We gathered here on Wednesday, and it was very gratifying to see so many people here want to learn about prayer. We said that prayer is the way that we stand before the presence of God, that we acknowledge his existence, and that we attempt, through prayer, to have communion with him, to have union with him, to converse with him. This is part of our healing; this is part of our acknowledgment of who God is.
So when we come to the Church, we receive the sacraments of baptism, which forgives our sins; of chrismation, of this anointing with oil, which grants us the Holy Spirit. We receive the Eucharist, the body and blood of Christ in us, to give us new life. We receive unction when we’re ill and when we’re sick, the anointing with holy oil. And it says in the parable Jesus poured oil and wine on his wounds. You know, the medicine of 2,000 years ago wasn’t very sophisticated, but if we were saying the parable today, we would say he put antibiotic ointment on the wound; he cleaned it out; he put a bandage on the wound.

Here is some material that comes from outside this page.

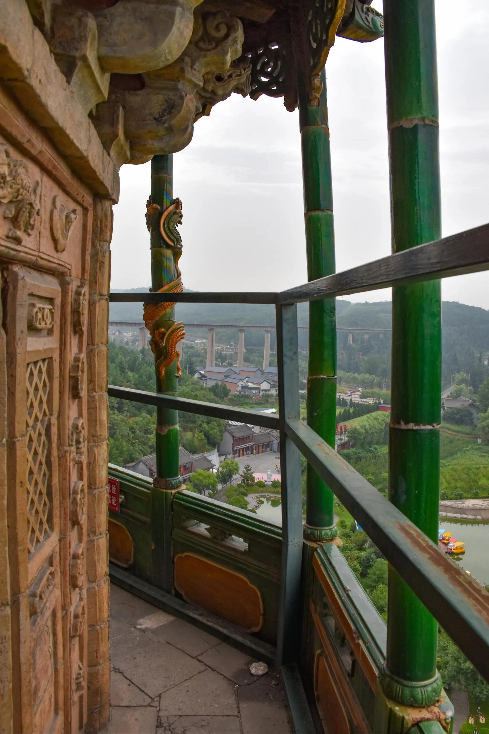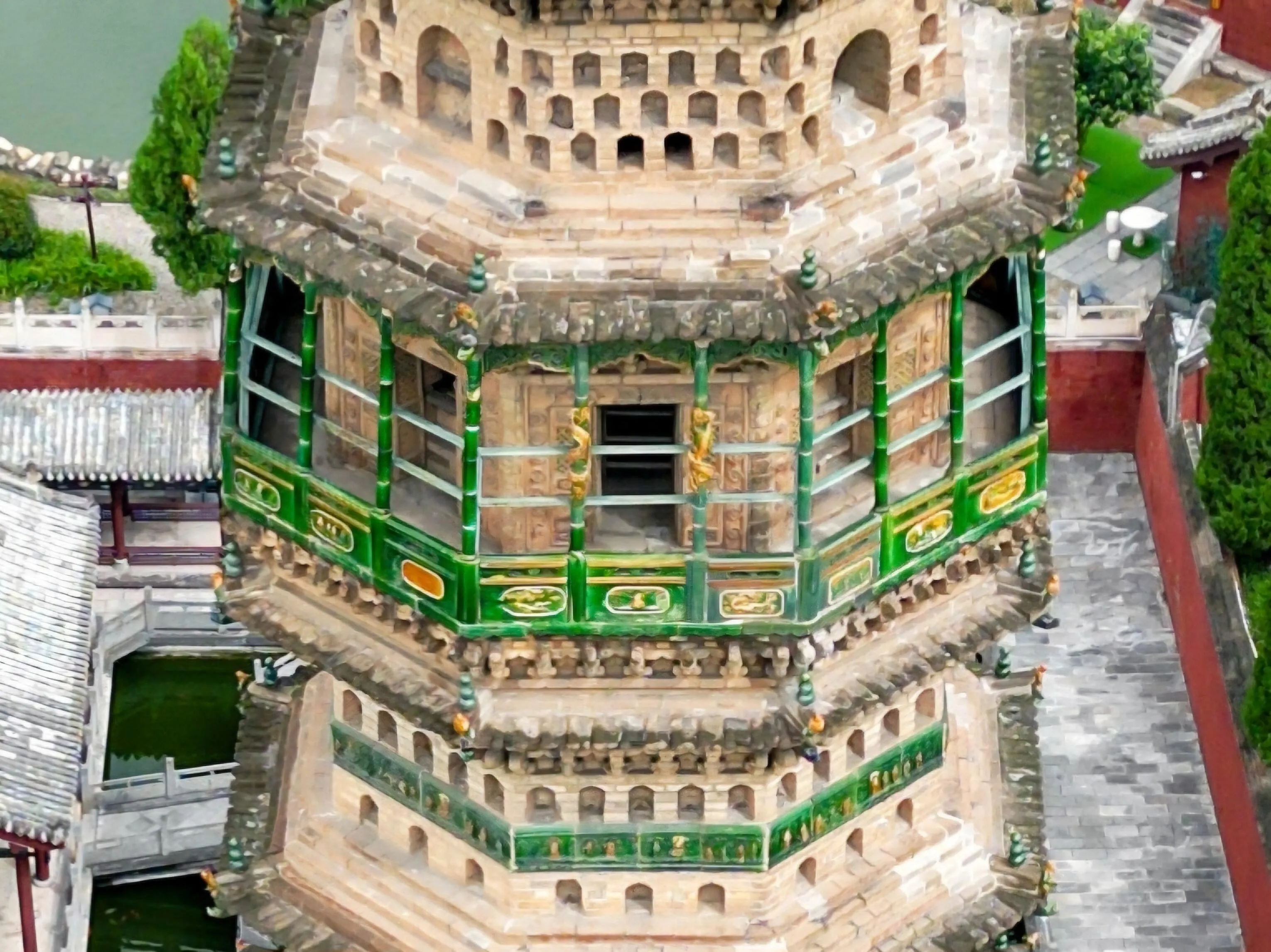 塔的第十层是一个悬空环廊,可以出塔绕塔身一圈。这一层有琉璃砖雕、假窗和佛龛等精美装饰。下塔时会有些困难,因为通道狭窄,而且台阶已经被踩得很滑。建议大家下塔时要小心谨慎,注意支撑好双腿,量力而行。
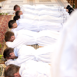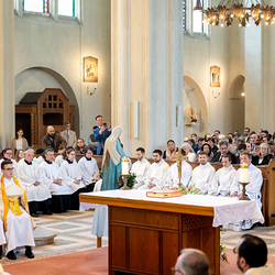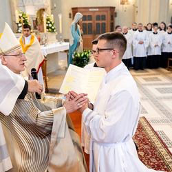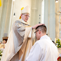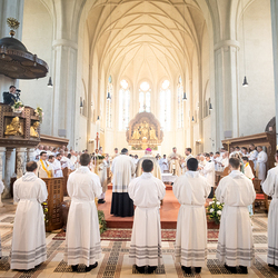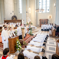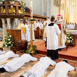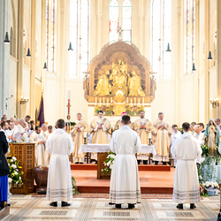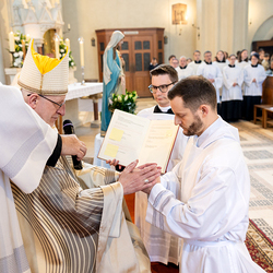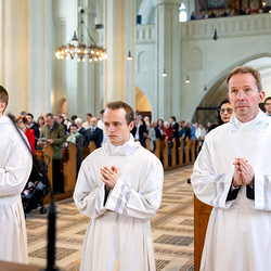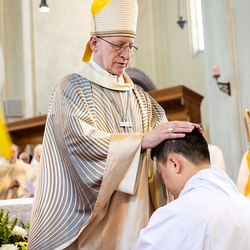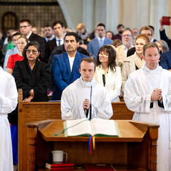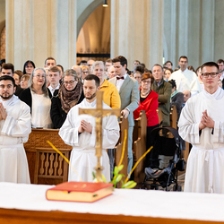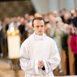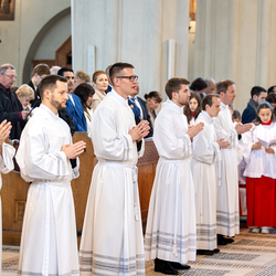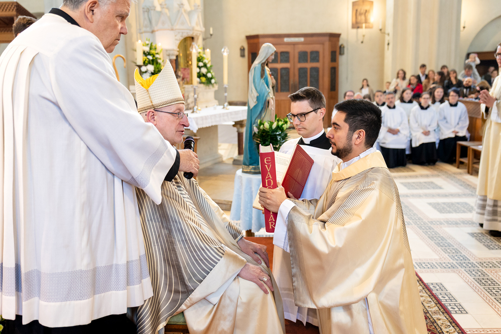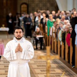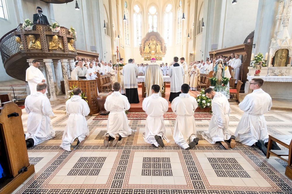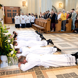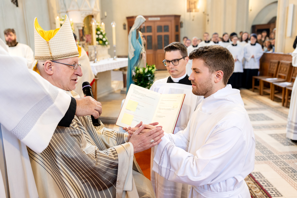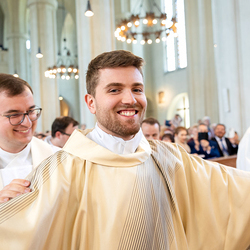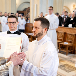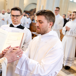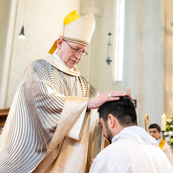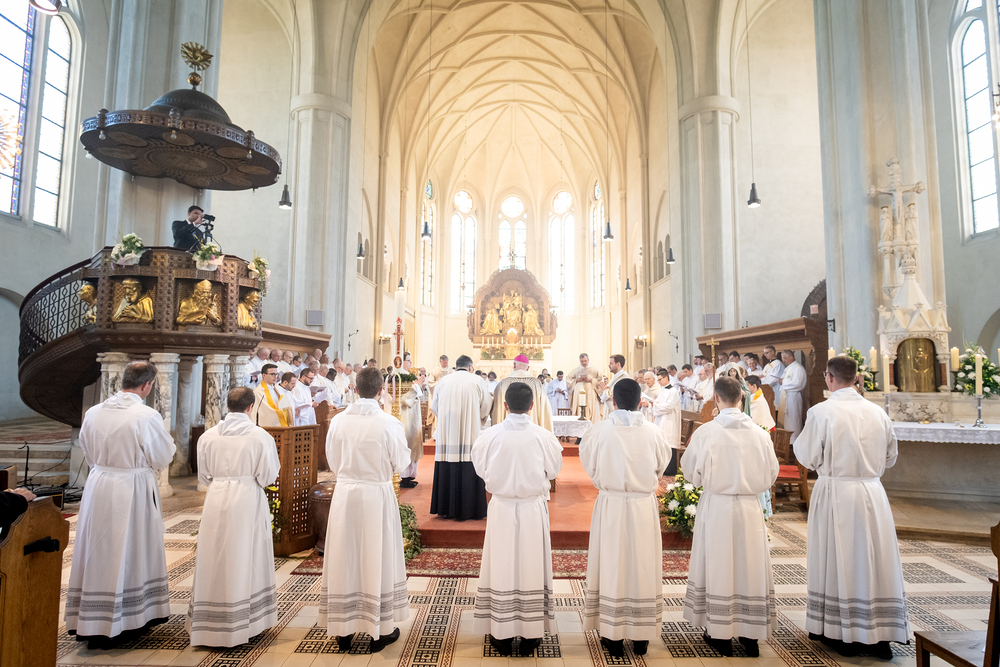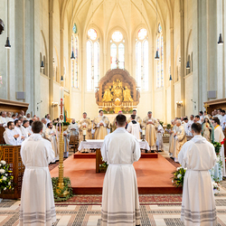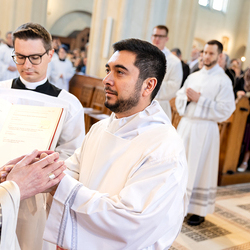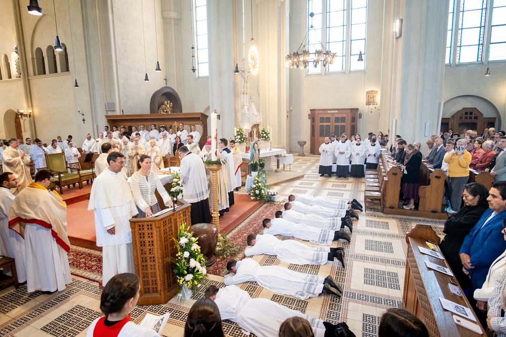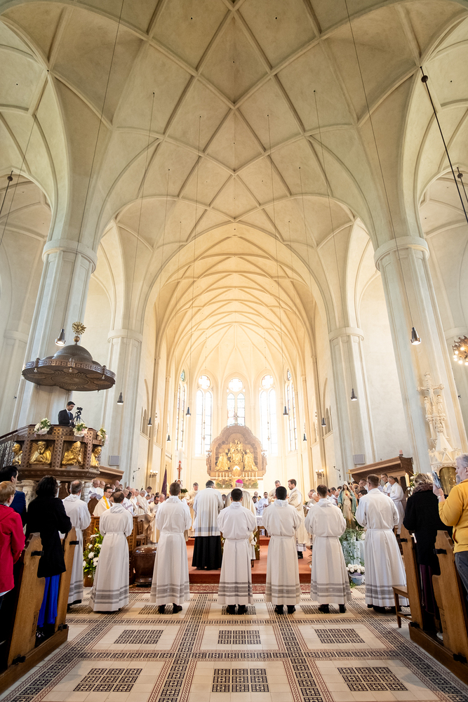 Am 10. Mai weihte Weihbischof Franz Scharl in der Pfarrkirche St. Leopold Donaufeld sieben Männer zu Diakonen für die Erzdiözese Wien. Die Kandidaten kommen aus verschiedenen Gemeinschaften: drei aus dem Wiener Priesterseminar, einer aus dem Benediktinerpriorat St. Josef in Maria Roggendorf und drei aus dem diözesanen Missionskolleg „Redemptoris Mater". Manuel Rennhofer, Joachim Loshehand und Julius Moses Münzer kommen aus dem Wiener Priesterseminar, P. Leo Maria Zehetgruber gehört dem Benediktinerpriorat St. Josef in Maria Roggendorf an drei weitere Kandidaten stammen aus dem diözesanen Missionskolleg „Redemptoris Mater“. Diese Vielfalt unterstreicht die Breite der geistlichen Berufungen in der Erzdiözese. Wir waren mit der Kamera dabei.

This is all a metaphor for us. This is a metaphor that sin wounds us, and Jesus comes by, and through his grace, through the wine, that is, the Eucharist, through the oil, that is, unction and chrismation and mercy—it’s really taken from the Greek word for “mercy,” “oil.” They’re very close related: eleison, elaios. Christ is pouring mercy on our wounds.
So as members of the body of Christ, the best metaphor we can recall is the one that St. John Chrysostom says. He says the Church is not a court of law; it is rather a hospital for sin-sick sinners. Ultimately, all of us, in one way or another, are being constantly healed. And the entire point of the Gospel is that we are members of this hospital, the Church, being constantly healed, being constantly drawn into the life of God, becoming closer to him, becoming more like him. And what happens? What happens is, God willing, we get healed! We change. And because we recognize this change in us and this healing in us, and we in turn want to grant that mercy to each other, to other people who maybe even have harmed us or other people [who] are in need of healing—that’s the Church!
So this parable today, yes, it’s about being kind to other people and being nice to other people, but it’s really about the Church. It’s really about us. Jesus, in this parable, is the Samaritan; we are the person that got beat up. He takes us, finds us on the road, pours oil and wine in our wounds, pours mercy on us, new life into us, in order to heal us. It says he takes us to the inn. This is the inn! We’re in the inn! We’re in the hospital, the place that we’re being taken care of. And at the end, he tells the innkeeper, “Whatever it costs, I’ll repay you when I return.” “When I return”: what’s the return? The return is the second coming. Christ is coming again to repay all those who are showing mercy, who are showing the love of God and sharing that with other people.
Dear brothers and sisters in Christ, God has shown mercy on us. God is constantly healing us. And what he’s calling us to in this parable is to heal one another, is to love one another. Let us be merciful to everyone [whom] we meet, so that we can then show the source of our mercy, and that is the love and the life and the mercy of God himself that has been poured out on us. To him who is our life, with the Father and the Spirit, be glory, honor, and majesty, always, now and ever, and unto ages of ages. Amen. Glory to Jesus Christ! [Glory to him forever!]